Noch besser zum Abbau von Anspannung und Stresshormonen ist übrigens Sport – schon moderates Work Out wirkt Wunder! Wenn Sie sich dreimal pro Woche 30 Minuten Zeit für leichten Sport nehmen, ernten Sie außerdem: positive Emotionen, eine bessere Haltung, ein optimales Atemmuster und Sie kurbeln Ihr Immunsystem an. Wichtig für diesen positiven Effekt ist, dass Sie sich regelmäßig bewegen.3
Was kurzfristig der körperlichen Aktivierung dient, schwächt auf Dauer unser Immunsystem
Wird der Sympathikus-Tonus über Tage und Wochen hochgehalten, dann wird dadurch anhaltend die Lymphozyten-Produktion gedrosselt und der Cortisol-Spiegel erhöht (Hypercortisolismus): Beides schwächt das Immunsystem, weil weniger frische B-Zellen, T-Zellen und natürliche Killerzellen gebildet werden bzw. weil die Entzündungskraft gehemmt wird und – wenn alle anderen Körperreserven durch die Dauerstresssituation aufgebraucht sind – sogar Immunzellen abgebaut werden.
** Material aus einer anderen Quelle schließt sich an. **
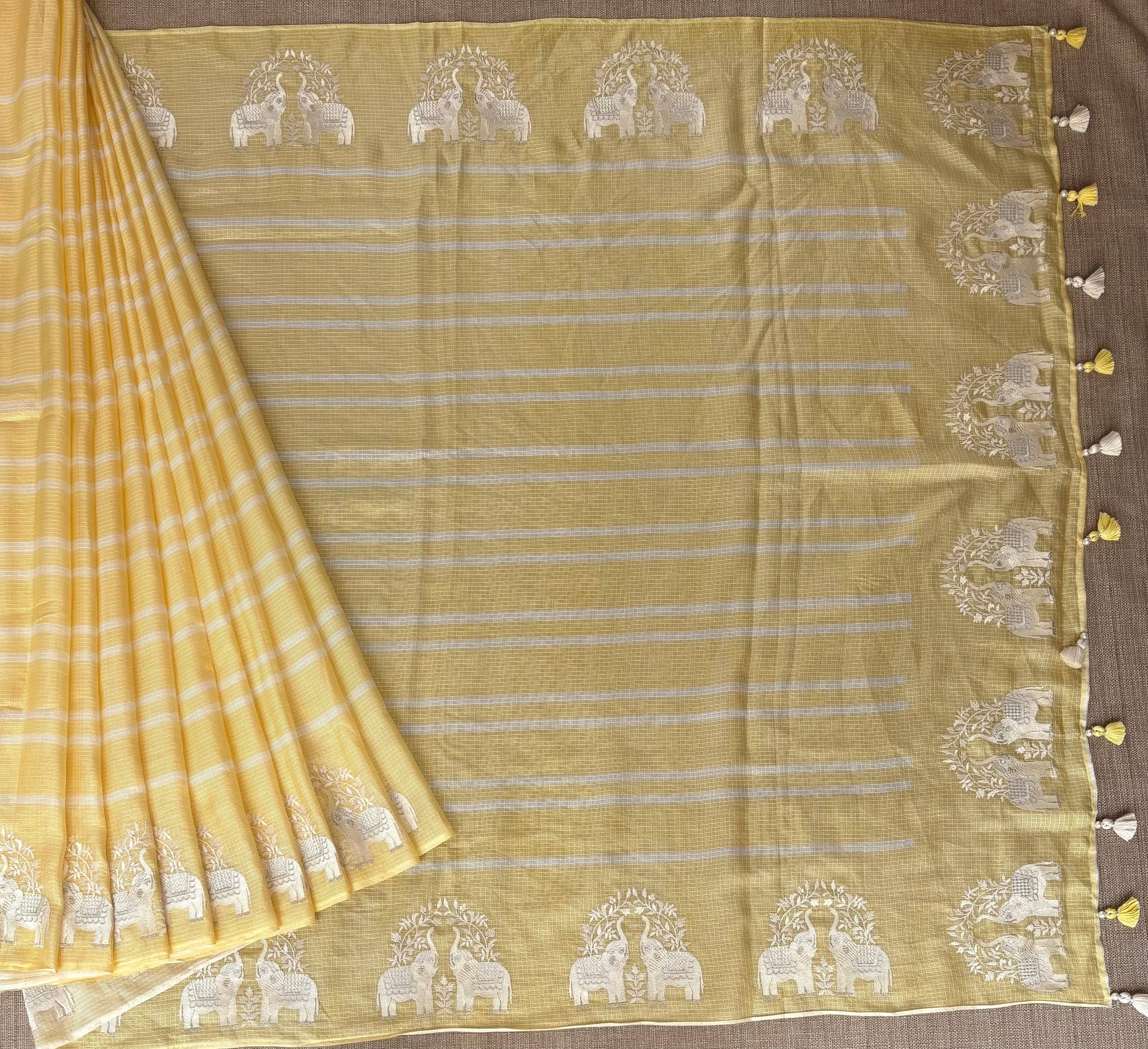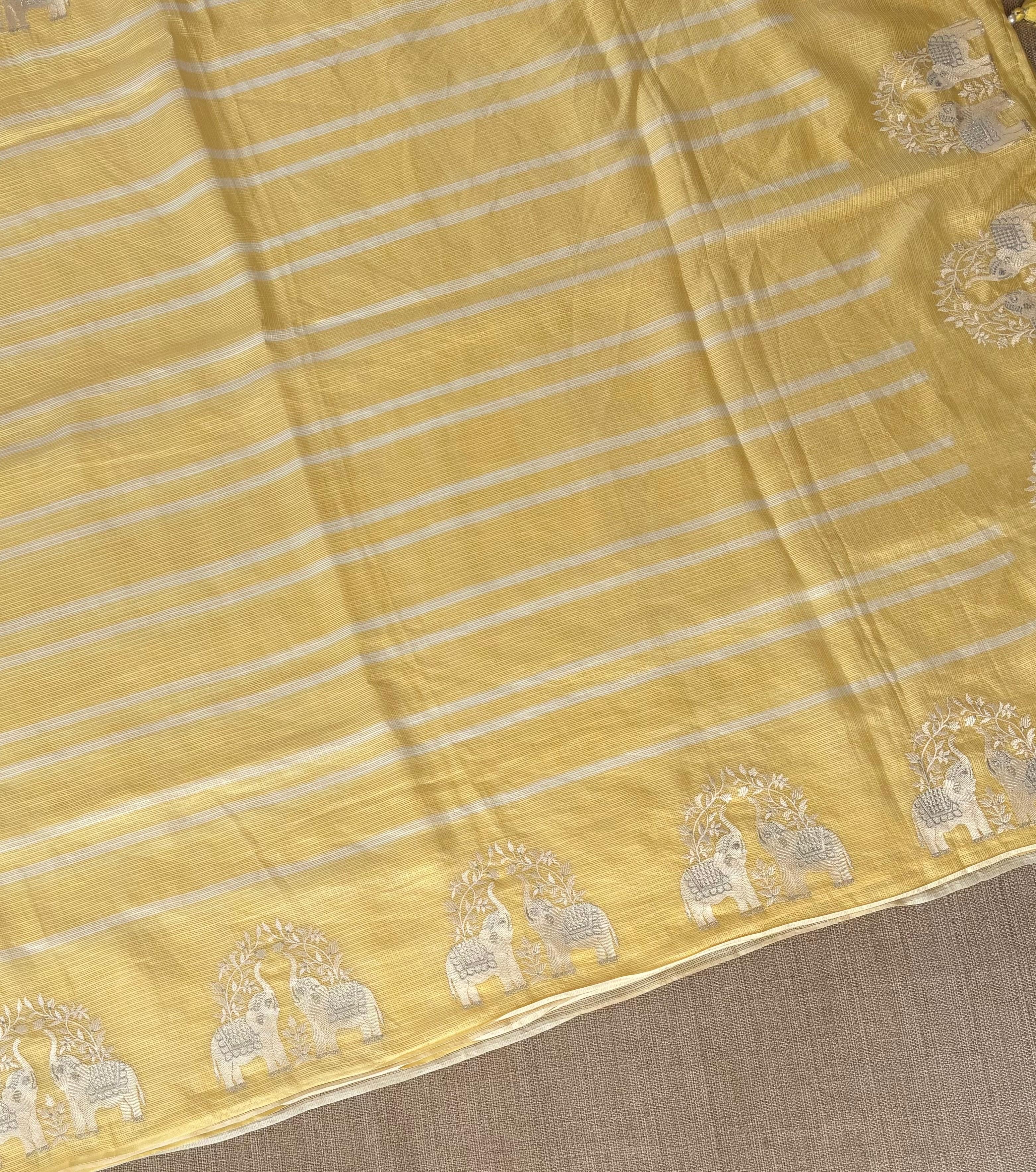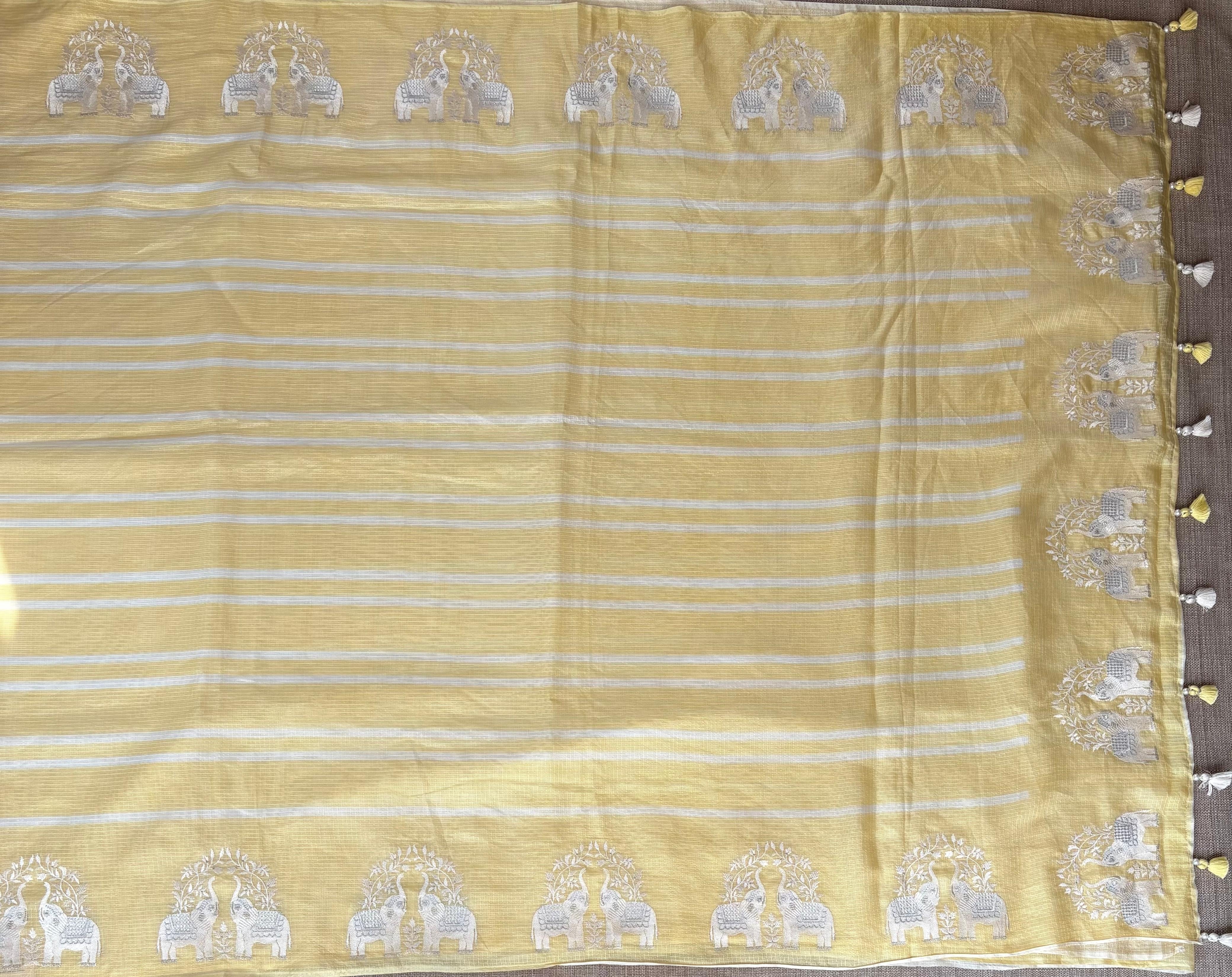 Pastel Yellow Designer Silk kota saree with stripes body in different shades of yellow and double elephant embroidered border paired with polka dot printed blouse with elephant embroidery matching to the saree border.

Auch unser Selbstheilungsnerv wird schwächer
Erkältungsviren haben leichtes Spiel
Wissenschaftliche Studien zeigen, dass gestresste Menschen zu erhöhter Infektanfälligkeit neigen und unter höherer Viruslast und stärkeren Symptomen leiden. Zudem brauchen sie oftmals deutlich länger, bis sie wieder gesund sind, als weniger gestresste Menschen.4
Eine zu seltene Aktivierung unseres Selbstheilungsnervs schädigt jedoch nicht nur unser Immunsystem sondern führt auch dazu, dass er selbst schwächer und zunehmend schwerer aktivierbar wird – eine Abwärtsspirale kommt in Gang.
Quellenangaben
- Almeida, David M.: Resilience and Vulnerability to Daily Stressors Assessed via Diary Methods,
in: Current directions in Psychological Science 14, 2005, S. 64-68. - DeLongis, Anita/Folkman, Susan/Lazarus, Richard S.: The impact of daily stress on health and mood: Psychological and social resources as mediators., in: Journal of Personality and Social Psychology 54, 1988, S. 486-495.
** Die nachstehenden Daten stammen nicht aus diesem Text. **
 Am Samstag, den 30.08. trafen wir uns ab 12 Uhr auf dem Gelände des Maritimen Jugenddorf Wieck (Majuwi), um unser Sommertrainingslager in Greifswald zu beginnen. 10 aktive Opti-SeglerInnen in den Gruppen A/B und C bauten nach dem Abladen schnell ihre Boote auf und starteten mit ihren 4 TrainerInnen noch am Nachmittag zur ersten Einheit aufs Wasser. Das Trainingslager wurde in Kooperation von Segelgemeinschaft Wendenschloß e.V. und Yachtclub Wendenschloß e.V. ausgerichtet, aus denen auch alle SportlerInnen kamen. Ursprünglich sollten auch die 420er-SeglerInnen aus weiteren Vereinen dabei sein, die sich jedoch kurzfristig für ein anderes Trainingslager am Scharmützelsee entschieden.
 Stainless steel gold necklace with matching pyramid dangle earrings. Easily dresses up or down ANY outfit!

- Reed, Justy/Ones Deniz S.: The effect of acute aerobic exercise on positive activated affect: A meta analysis, in: Psychology of Sport and Exercise 7(5), 2006, S. 477 – 514.
- Cohen, Sheldon/Frank, Ellen/Doyle William J. et al.: Types of stressors that increase susceptibility of the common cold in healthy adults, in: Health Psychology 17(2), 1998, S. 214-223.